I bet it's 90% or higher pro win the cup.
Do it.
First of all, Guentzel was on the team last playoffs, and that sure didn't change getting beat by a better team in the 2nd/3rd round.
Second of all, in the real world you can't guarantee a cup, you can only maximize your chances. Moneypuck last playoffs put the highest odds of winning the cup at the Rags with ~13%.
But most teams don't burn down the house and use the fire to stay warm for a night. So lets say there's hypothetical team that sells *everything*, completely mortgages all futures to build a super team that will tear through the playoffs, and then everyone goes their separate ways. They get to 25% odds to win the Cup.
On the other hand, lets say a team takes the Dundon approach, and has ten years where they have merely a 5% chance to win the Cup (for the record, Moneypuck put the Panthers' chances of winning this year at 3% going in.

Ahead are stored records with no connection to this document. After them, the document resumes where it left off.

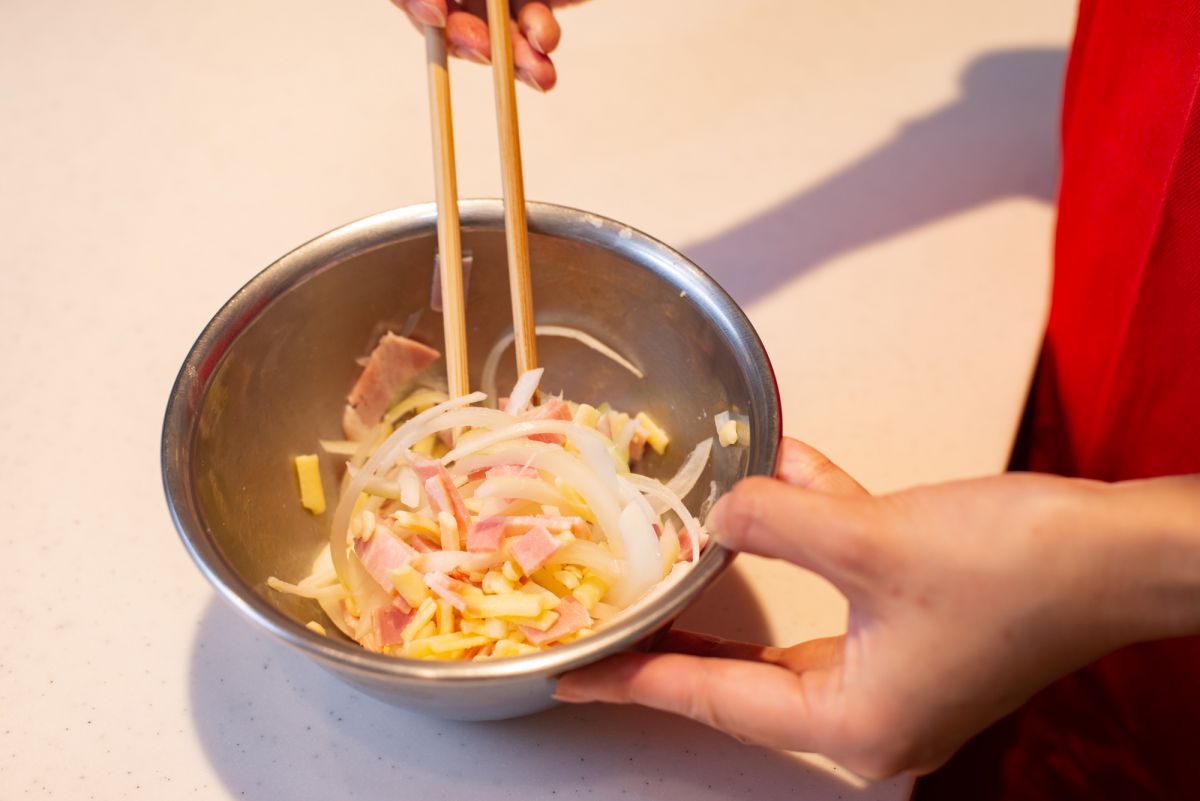 こちらは、パンの具材となる材料。ボールに入れ、ざっくりと合わせます。
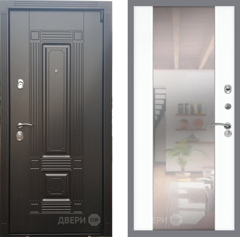 Входная Дверь Рекс (REX) 9 СБ-16 Зеркало Силк Сноу 860x2050 мм
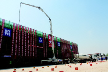 随后进行的是令人万分激动的封顶仪式。随着最后一罐混凝土浇筑完成,展厅建筑主体结构正式封顶,这标志着“中国(淄博)陶瓷产业总部基地”一期一阶段正式完成主体建筑任务。
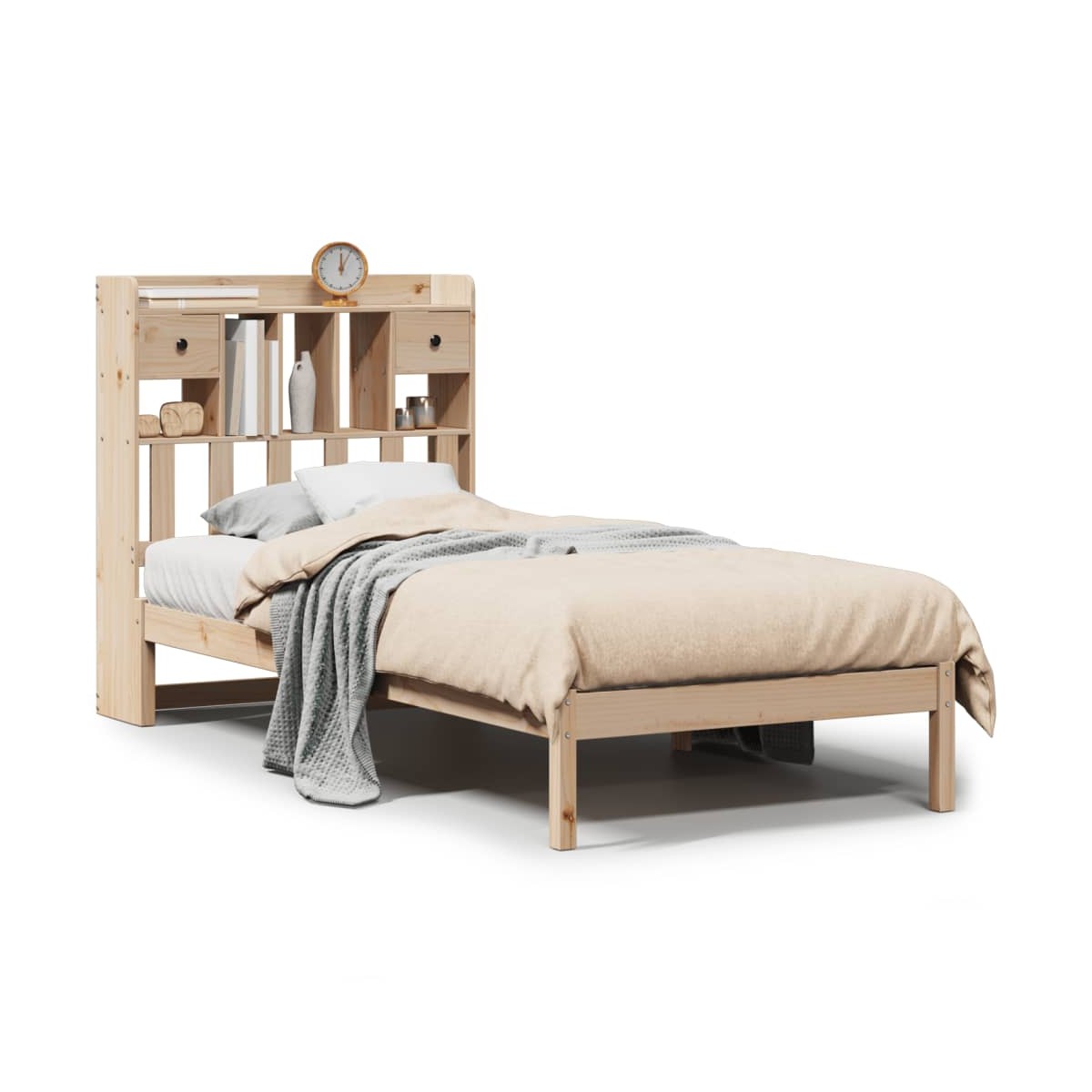 ¡Consigue una mejor noche de sueño reparador con esta cama con estantería! Es un aporte acogedor para cualquier dormitorio. Estructura estable y duradera: La madera de pino maciza es conocida por su resistencia y durabilidad. Sus vetas rectas y sus característicos nudos contribuyen a su encanto rústico.Somier de láminas para un soporte óptimo: La estructura de cama está equipada con un somier de láminas para el apoyo y la transpirabilidad del colchón.Amplio espacio de almacenamiento: El cabecero de estantería ofrece un amplio espacio de almacenamiento para mantener libros, artículos decorativos o pertenencias personales al alcance de la mano, lo que reduce el desorden en el dormitorio.Ahorro de espacio: Este cabecero es una opción de ahorro de espacio que puede sustituir la necesidad de una mesilla de noche, ayudando a maximizar el espacio de tu dormitorio, y haciéndolo ideal para espacios pequeños o limitados. Información útil:El colchón no está incluido con la cama. Disponemos de una variada selección de colchones. Puedes echar un vistazo a nuestra tienda para buscar el colchón correspondiente.
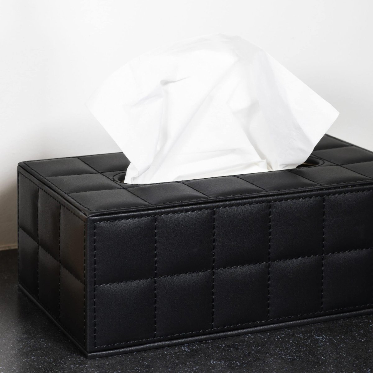 Een zwart leren tissuedoos, omdat jij oog hebt voor detail
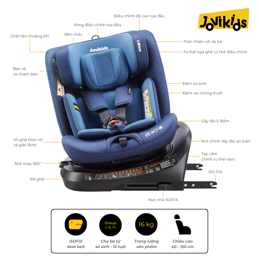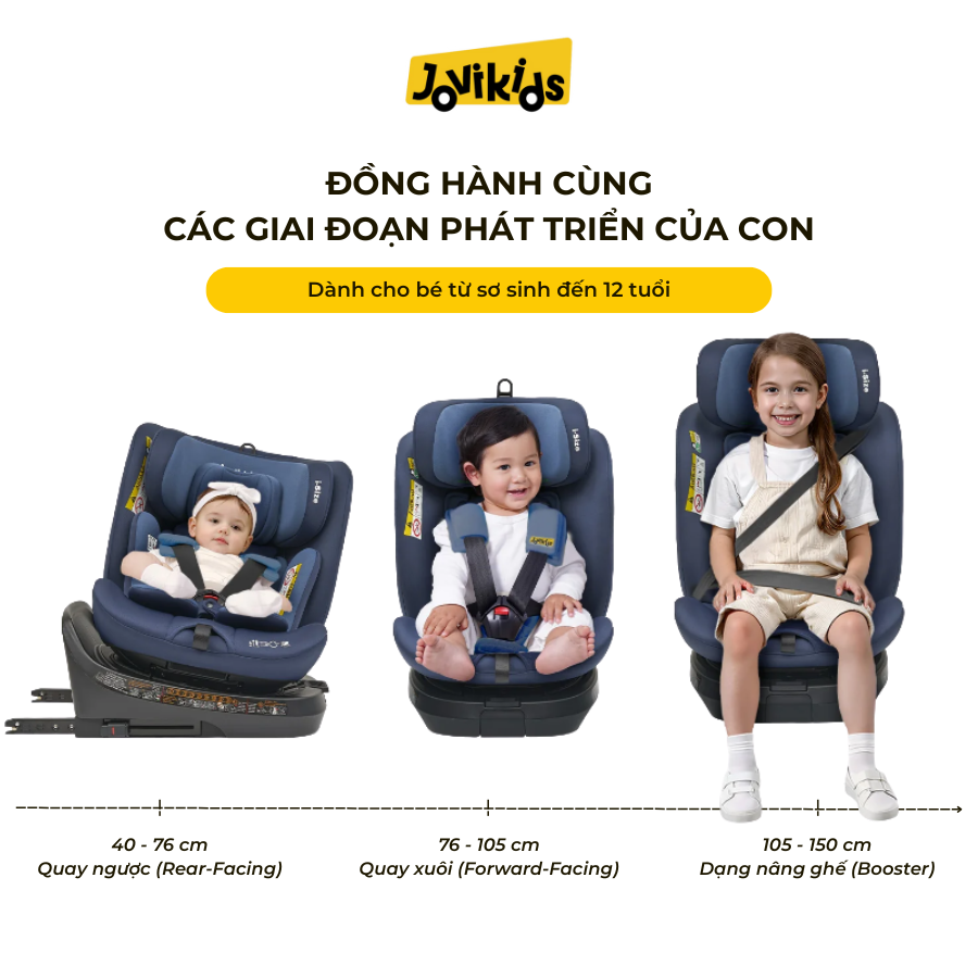 Jovikids Ranger TT (Blue) – Ghế ô tô trẻ em R129 cho bé sơ sinh – 12 tuổi
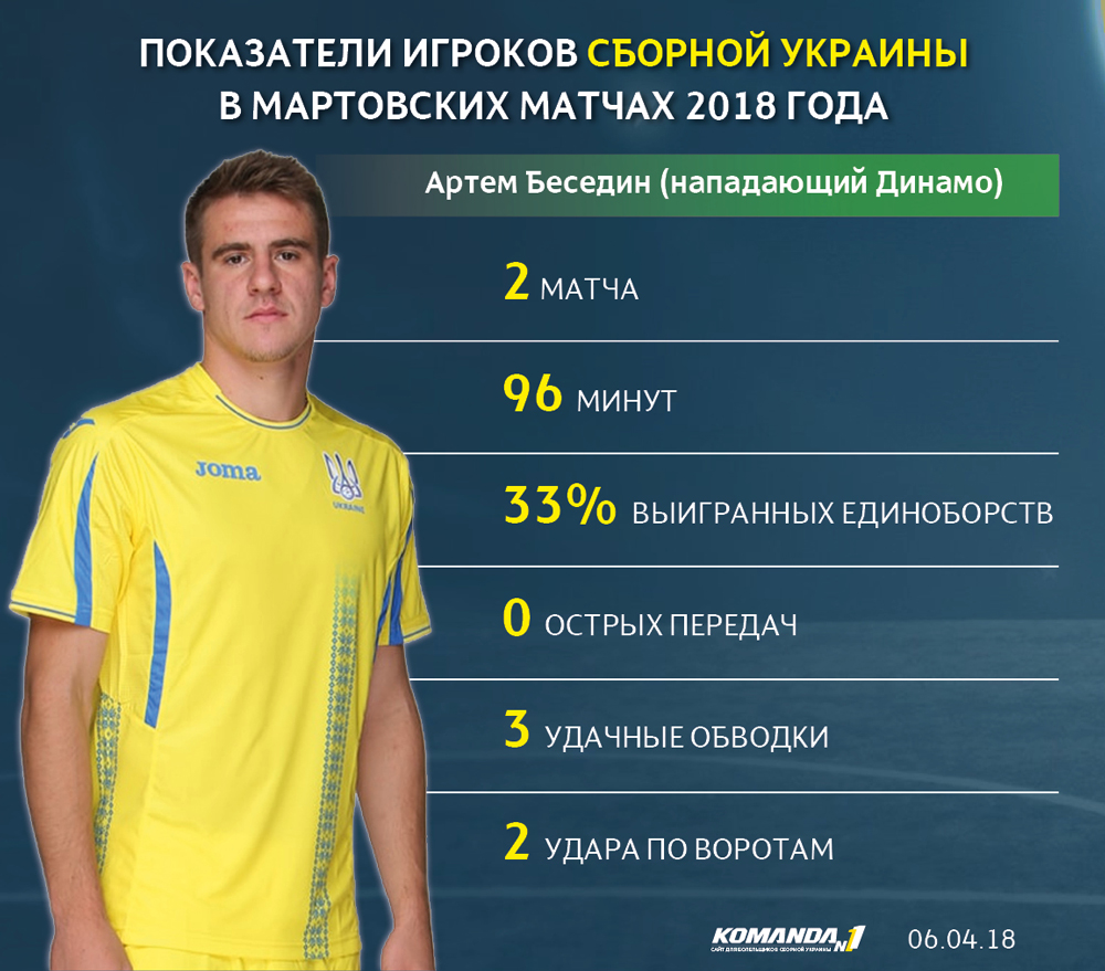 В двух недавних контрольных матчах главный тренер сборной Украины Андрей Шевченко задействовал 20 исполнителей. Мы решили подробно остановиться на действиях каждого из них и проанализировать их клубные перспективы. На очереди — нападающий Артем Беседин, который вышел на замену во встрече с Саудовской Аравией и провел весь поединок против Японии.

Hot goalies are great.)
The formula for figuring out the chance of something happening at least once within a set number of opportunities is: 1 minus ((1 minus [the chance of that thing happening once])^[number of opportunities])
So in ten years at 5% each year, that's 1-((1-.05)^10)= 40.012, so 40% chance.
My point is, sure, most people would agree that 1 Cup and a long time of darkness is better than successful regular seasons and no Cups. Most Canes fans would agree becauase that actually happened to them!
But that's something you can only attest after the fact, you can't actually build a team that way.
And my point isn't that Tom Dundon is some super genius playing Chinese checkers while everyone else is playing go fish, it's simply that there is a logic to it, because winning a Cup is hard and there's no way to guarantee it. Certainly not in retaining a guy who was part of a team that got buzzsawed in the 2nd round because the PP went dormant, again.